(Directions) Below are some records. Return exactly the lines from the one containing "The interior flows" through the one containing "Step1:消耗汇总单审核后,选中消耗汇总单下推采购发票", both included, and only those.

(Entries provided)
*** Block opens ***

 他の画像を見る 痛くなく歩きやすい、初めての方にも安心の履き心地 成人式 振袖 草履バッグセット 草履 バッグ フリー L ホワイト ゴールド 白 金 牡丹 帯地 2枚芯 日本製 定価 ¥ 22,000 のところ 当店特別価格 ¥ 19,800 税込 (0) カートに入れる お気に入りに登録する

*** Block closes ***
*** Block opens ***

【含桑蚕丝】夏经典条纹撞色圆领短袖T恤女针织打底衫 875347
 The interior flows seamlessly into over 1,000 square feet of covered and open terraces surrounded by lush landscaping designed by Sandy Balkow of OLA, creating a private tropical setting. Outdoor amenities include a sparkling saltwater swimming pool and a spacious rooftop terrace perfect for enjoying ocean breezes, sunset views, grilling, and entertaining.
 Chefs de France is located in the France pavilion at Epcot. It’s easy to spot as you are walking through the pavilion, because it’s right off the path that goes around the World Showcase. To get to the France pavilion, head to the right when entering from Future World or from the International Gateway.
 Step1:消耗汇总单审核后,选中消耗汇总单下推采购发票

*** Block closes ***
*** Block opens ***

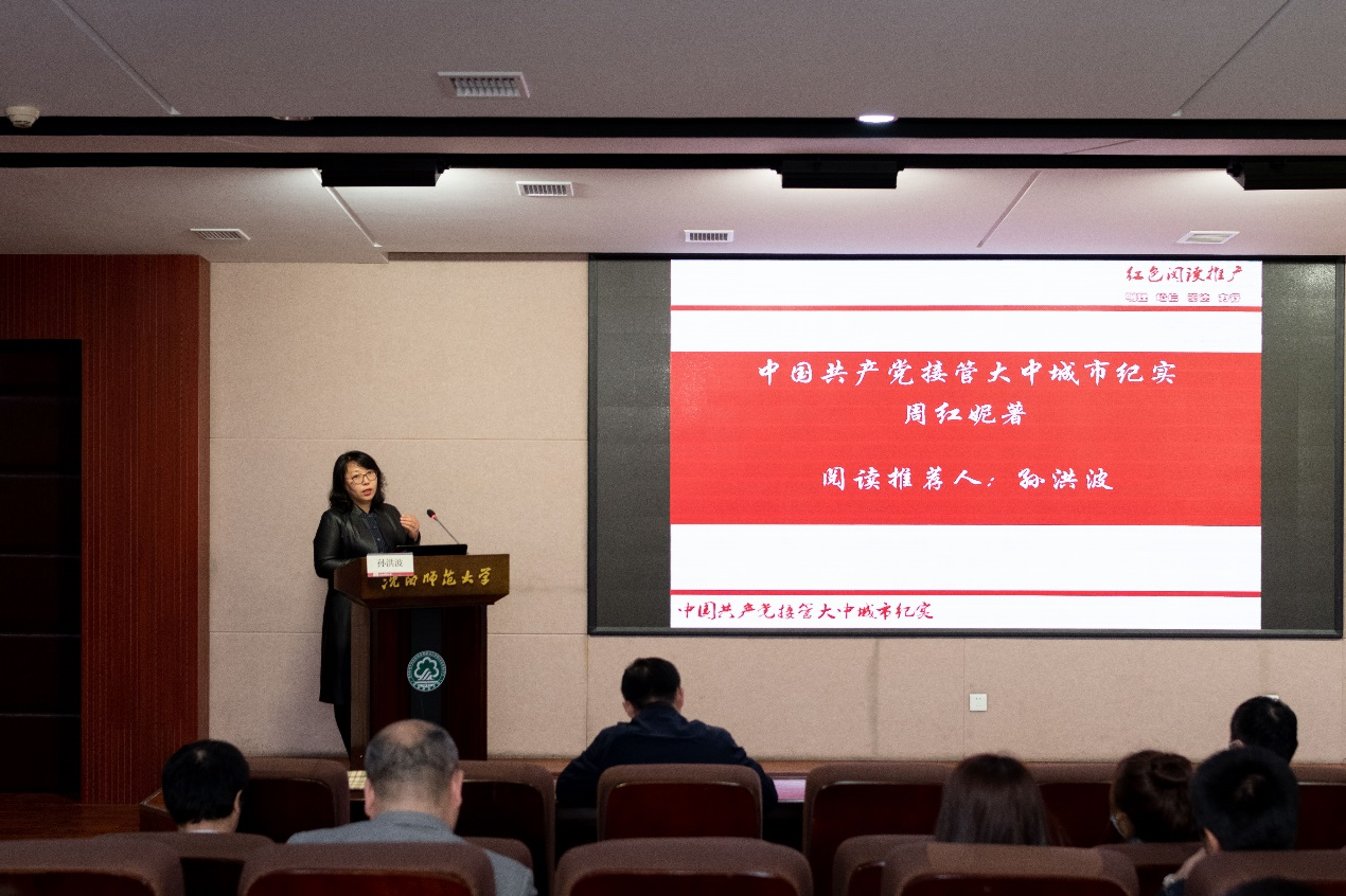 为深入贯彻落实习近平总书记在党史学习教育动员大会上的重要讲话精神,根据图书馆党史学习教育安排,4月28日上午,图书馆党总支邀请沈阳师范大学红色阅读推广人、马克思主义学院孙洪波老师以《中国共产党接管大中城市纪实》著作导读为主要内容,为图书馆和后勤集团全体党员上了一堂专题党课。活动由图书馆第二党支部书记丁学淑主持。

*** Block closes ***

(Task answer)
 The interior flows seamlessly into over 1,000 square feet of covered and open terraces surrounded by lush landscaping designed by Sandy Balkow of OLA, creating a private tropical setting. Outdoor amenities include a sparkling saltwater swimming pool and a spacious rooftop terrace perfect for enjoying ocean breezes, sunset views, grilling, and entertaining.
 Chefs de France is located in the France pavilion at Epcot. It’s easy to spot as you are walking through the pavilion, because it’s right off the path that goes around the World Showcase. To get to the France pavilion, head to the right when entering from Future World or from the International Gateway.
 Step1:消耗汇总单审核后,选中消耗汇总单下推采购发票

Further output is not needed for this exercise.